▶ _Task to complete_:
Transcribe the listing below exactly, from its first line through the line with "Dieses gemütliche Studio". Omit the pictures.

**********

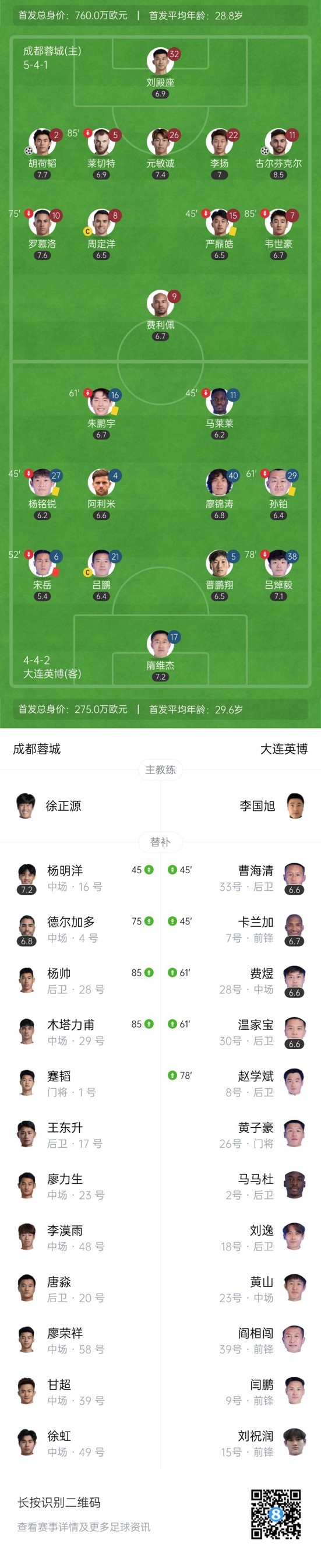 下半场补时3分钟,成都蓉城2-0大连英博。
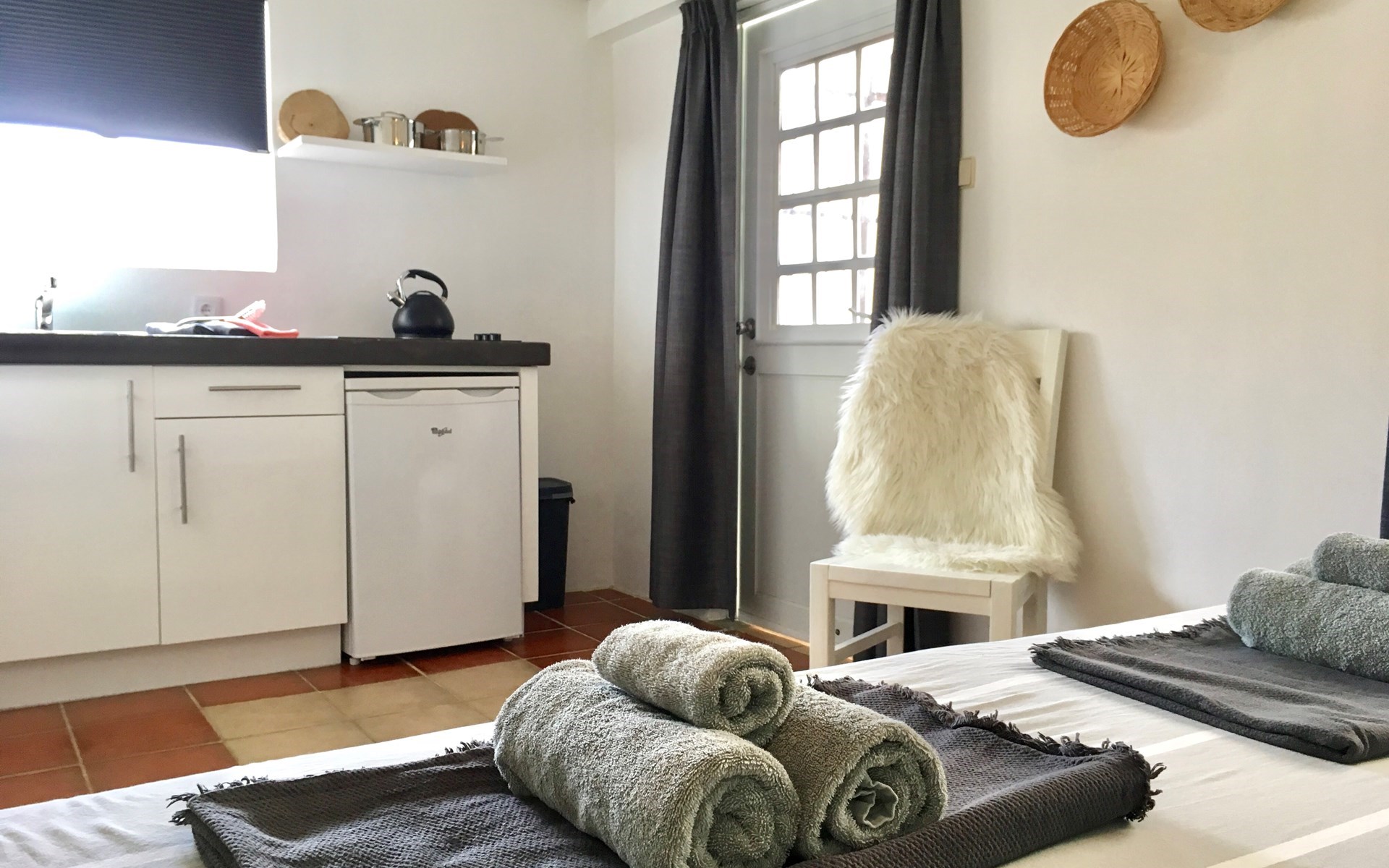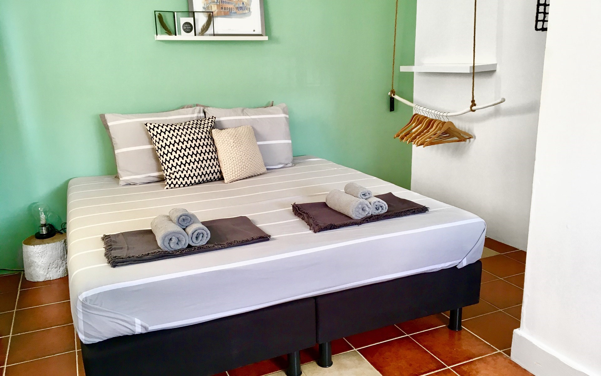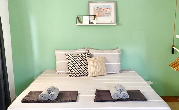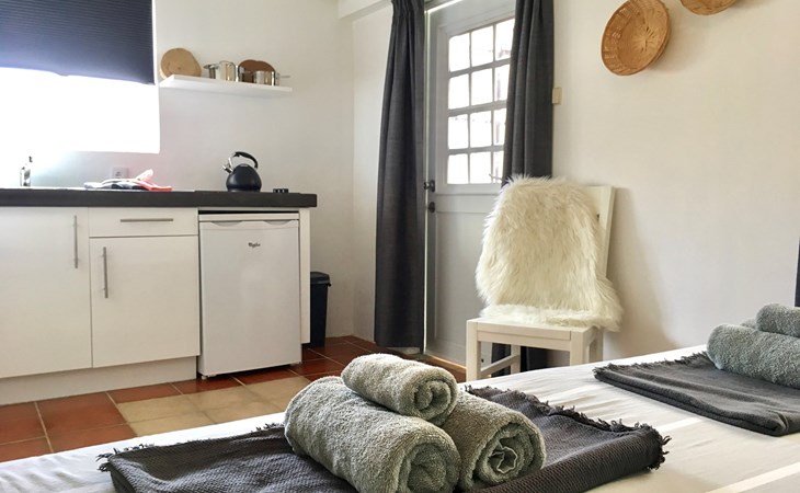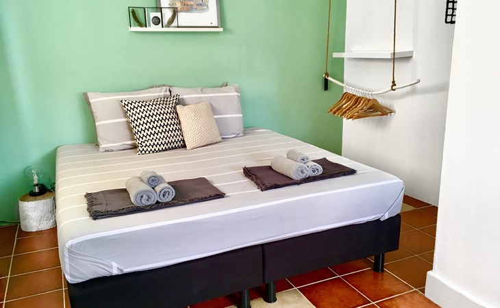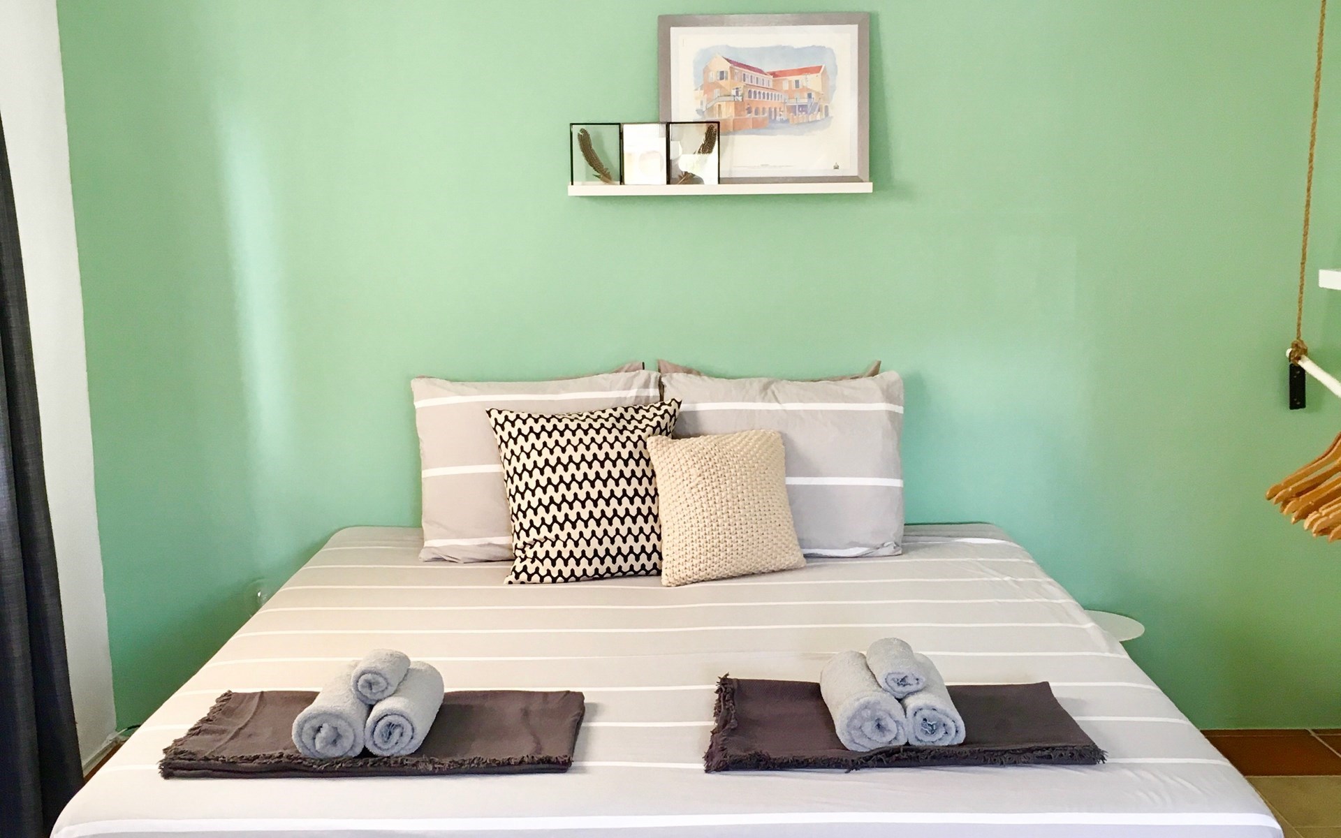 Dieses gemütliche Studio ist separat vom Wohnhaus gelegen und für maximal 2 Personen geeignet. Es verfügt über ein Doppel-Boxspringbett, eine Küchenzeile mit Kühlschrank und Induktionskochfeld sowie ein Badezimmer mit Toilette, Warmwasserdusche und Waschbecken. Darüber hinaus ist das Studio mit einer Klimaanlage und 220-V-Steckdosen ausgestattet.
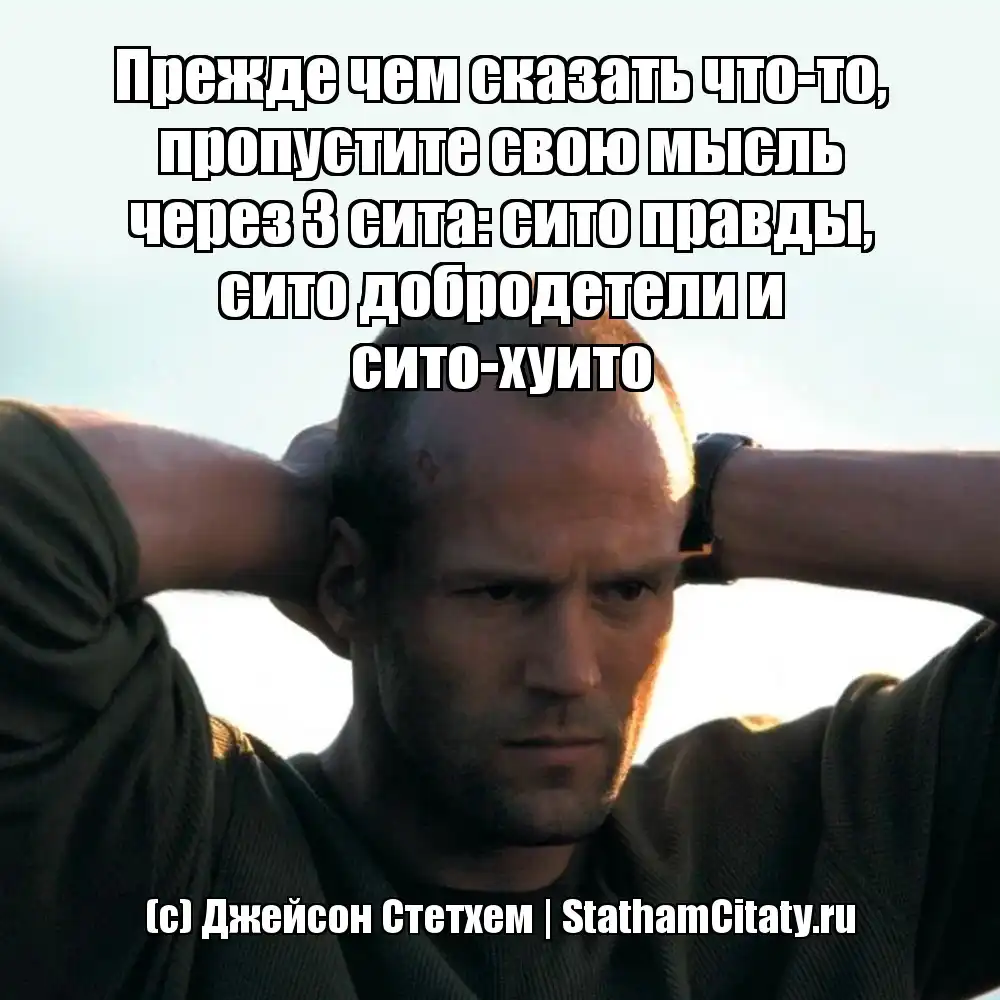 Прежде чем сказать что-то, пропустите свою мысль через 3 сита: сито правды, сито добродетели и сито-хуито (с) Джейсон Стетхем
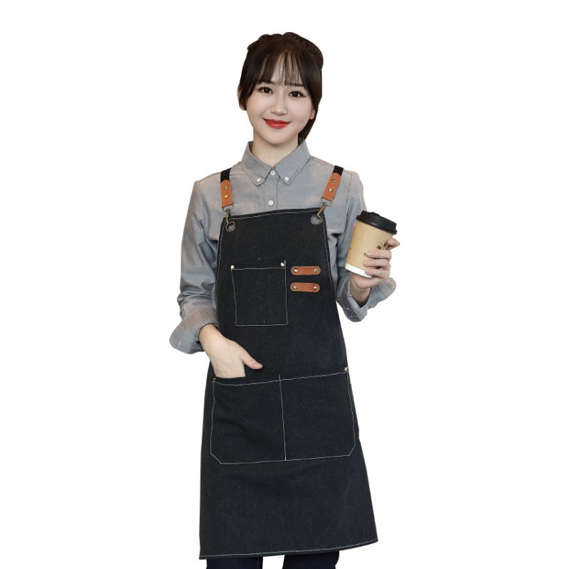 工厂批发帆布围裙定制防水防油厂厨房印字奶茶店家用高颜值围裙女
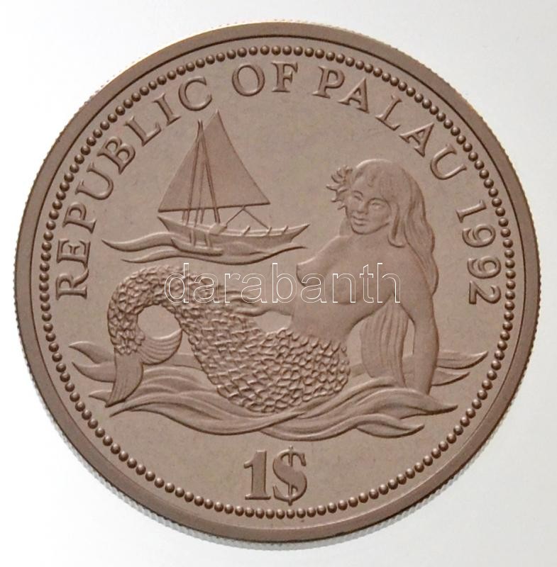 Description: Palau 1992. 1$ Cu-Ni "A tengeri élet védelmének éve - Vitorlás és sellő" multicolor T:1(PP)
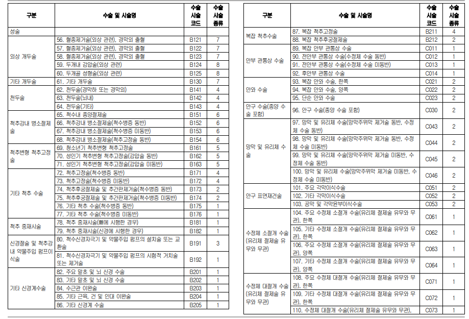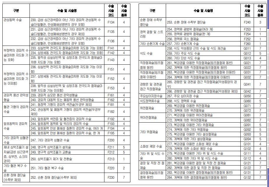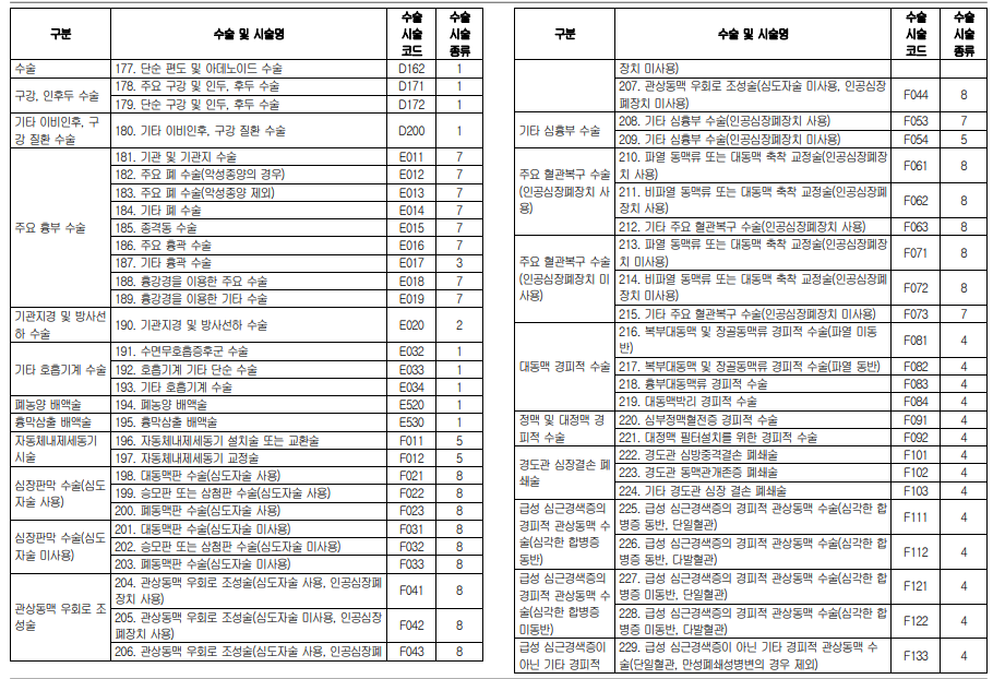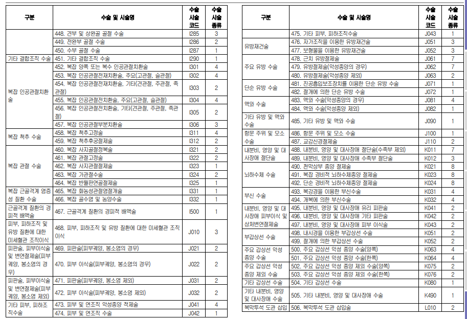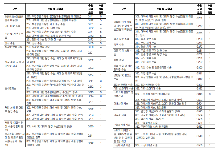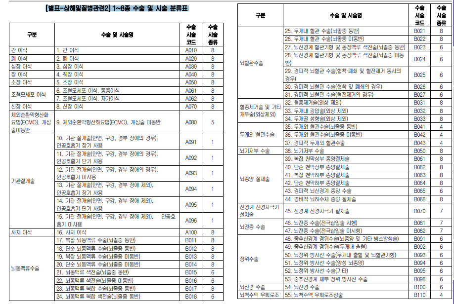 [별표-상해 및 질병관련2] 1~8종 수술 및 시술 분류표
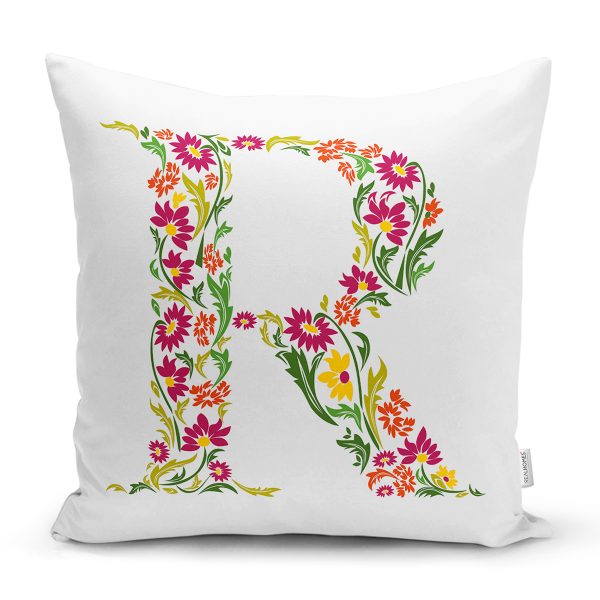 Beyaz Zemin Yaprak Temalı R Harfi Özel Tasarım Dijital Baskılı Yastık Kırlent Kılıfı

**********

▶ _Answer space_:
 下半场补时3分钟,成都蓉城2-0大连英博。
 Dieses gemütliche Studio ist separat vom Wohnhaus gelegen und für maximal 2 Personen geeignet. Es verfügt über ein Doppel-Boxspringbett, eine Küchenzeile mit Kühlschrank und Induktionskochfeld sowie ein Badezimmer mit Toilette, Warmwasserdusche und Waschbecken. Darüber hinaus ist das Studio mit einer Klimaanlage und 220-V-Steckdosen ausgestattet.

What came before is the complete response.